Côte d’Ivoire : Sport et développement local, « Les AGORAS ont enregistré plus de 514 000 visites en 2025 »

Réunis ce 30 juin 2026 à l’Agora de Koumassi, les responsables de win win Afrique et d’Ivoire AGORA ont présenté le Rapport d’activité 2025 du programme AGORA, dressant un bilan en nette progression et dévoilant les perspectives de développement du réseau pour les années à venir.

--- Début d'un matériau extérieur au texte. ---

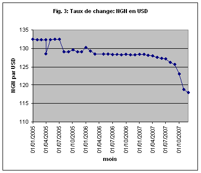 Selon les prévisions, les importations céréalières du Nigéria devraient encore s'élever à plus de 4,5 millions de tonnes en 2008 (blé et riz essentiellement), mais ce volume ne représente que 15 pour cent de l'utilisation totale de céréales du pays. La dépendance à l'égard des importations de céréales est encore plus faible dans le cas du Bénin et Niger, à savoir environ 5 pour cent. Par ailleurs, tant le franc CFA1 (Bénin et Niger) que le naira (Nigéria) ont fortement gagné en valeur au cours des dernières années, et le pétrole de production nationale est subventionné au Nigéria, ce qui atténue les répercussions de la hausse des cours internationaux sur les économies intérieures. L'impact de la hausse des cours du blé, du maïs et du riz sur les marchés intérieurs de ces pays est donc limité, même si certains phénomènes de substitution ont pu se constater. Les prix intérieurs des céréales sont déterminés pour l'essentiel par la situation de l'offre et de la demande au niveau régional , qui elle-même dépend des facteurs suivants:

Six ans après l’ouverture de la première AGORA à Koumassi, le modèle conçu par Winwin Afrique et exploité par Ivoire AGORA franchit un nouveau cap. Les quatre complexes d’Abidjan ont totalisé plus de 514 000 visites en 2025, dont 321 171 liées à une pratique sportive régulière, soit une hausse de 94% par rapport à 2024. Né dans le cadre du Programme d’Appui à la Promotion du Sport pour Tous du Ministère ivoirien des Sports, le dispositif s’est imposé comme un véritable espace de vie mêlant sport, culture, citoyenneté et formation.

Yopougon et Port-Bouët affichent la progression la plus marquée, tandis que Koumassi, premier site ouvert en 2019, conserve son statut de référence avec 65 clubs sportifs accueillis. À Abobo, plus de 50 000 pratiquants et 7 200 élèves fréquentent chaque semaine les installations.  Au total, les AGORAS reçoivent près de 19 000 élèves issus de 28 établissements scolaires partenaires.

Un déséquilibre persiste cependant entre hommes et femmes dans les réservations individuelles, ce qui justifie la poursuite du programme MoveHer, dédié à l’autonomisation des jeunes filles par le sport.

Au-delà du sport, les AGORAS se positionnent comme des plateformes de développement social, avec 61 625 participations enregistrées en 2025 autour de thématiques telles que la santé, l’éducation ou l’égalité des genres. Campagnes de vaccination, lutte contre les violences basées sur le genre, collectes de sang et formations de coachs illustrent cet engagement.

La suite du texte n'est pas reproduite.